Differentiate a Matrix-Transpose Product

726 Views Asked by At

if,

$$y = w^T X + b$$

where $w$ is a $[13, 1]$ matrix and $X$ is a $[13, 1]$ matrix, what is $\frac{dy}{dw}$?

$\frac{dy}{dX}$ seems to be $w^T$, but $\frac{dy}{dw}$ is not as clear to me. If the transpose wasn't there, it would seem like $\frac{dy}{dw}$ would be $X$, but I'm not sure how the transpose affects the derivative.

Any help will be greatly appreciated, thanks in advance.

3

There are 3 best solutions below

2
On

The map $g(w) = w^TX$ is linear map. And the derivative of a linear map is itself (you can try to prove it).
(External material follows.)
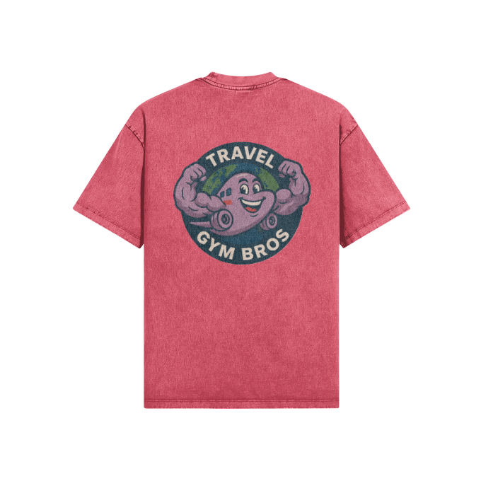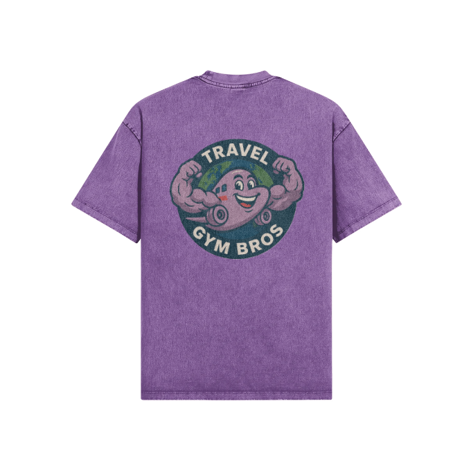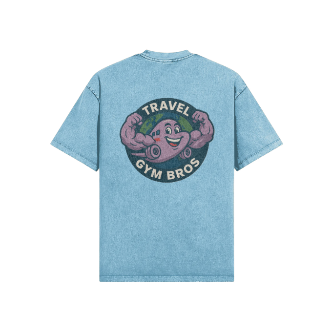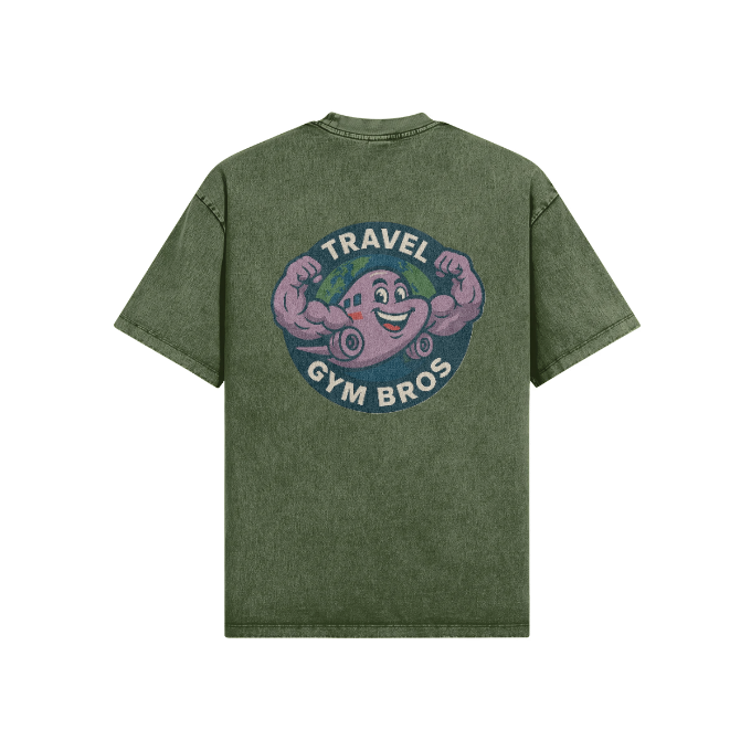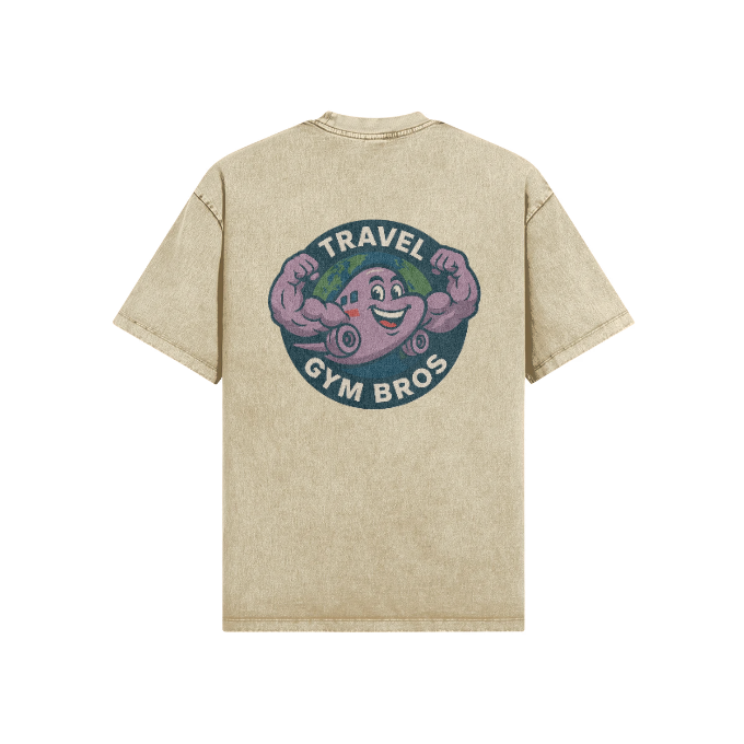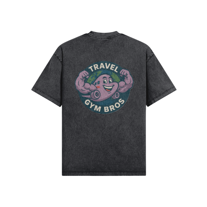 The Unisex 'Travel Gym Bros' Snow Wash T-Shirt, perfect for that oversized gym look. This t-shirt features a unique snow wash effect and showcase the Travel Gym Bros logo, giving it a vintage and distressed look that will make you stand out from the crowd. The 100% cotton fabric gives the tee a sturdy construction and a soft and comfortable feel, making it a pleasure to wear all day long. Available in a range of colors, from classic earth tones to bold and vibrant hues, the tee allows you to express your personal style and make a statement.

Therefore you have $\frac{dy}{dx}: h \mapsto h^T X$.

0
On

In index notation, your question can be dealt with in 3 lines $$\eqalign{ y_i &= w_kX_{ki} + b_i \cr dy_i &= dw_kX_{ki} \cr \frac{\partial y_i}{\partial w_p} &= \delta_{pk}\,X_{ki} = X^T_{ip} \cr }$$ with no philosophizing about how one should interpret $\,y$-vs-$y^T\,$ or $\,w$-vs-$w^T;\,$ each quantity carries a single index so talking about a transpose is meaningless. The quantity $X$ on the other hand is a $2^{nd}$ order tensor, i.e. a matrix. It carries two indices, so it is meaningful to talk about its transpose.

If you want to work in matrix notation without getting confused, then you must meticulously write equations in which all of the vectors are column vectors. Then the lines above can be translated directly and unambiguously as $$\eqalign{ y &= X^Tw + b \cr dy &= X^T\,dw \cr \frac{\partial y}{\partial w} &= X^T \cr\cr }$$ Also, your assertion that $$\frac{\partial y}{\partial X} = w^T$$ is incorrect.

A vector-by-matrix derivative generates a $3^{rd}$ order tensor. There's no way to write this in matrix notation, but in index notation it is straightforward to calculate $$\eqalign{ y_i &= w_kX_{ki} + b_i \cr dy_i &= w_k\,dX_{ki} \cr \frac{\partial y_i}{\partial X_{pq}} &= w_k \delta_{kp} \delta_{iq} = w_p \delta_{iq} \cr }$$

0
On

Since both $w$ and $X$ are column vectors, the expression $w^{T}X$ is a scalar, and as such, it equals its transpose $$w^{T}X=X^{T}w$$ Hence your function $$y(w)=w^{T}X+h\\=X^{T}w+h$$ has derivative $$\frac{\partial y}{\partial w}(w)=X^{T}$$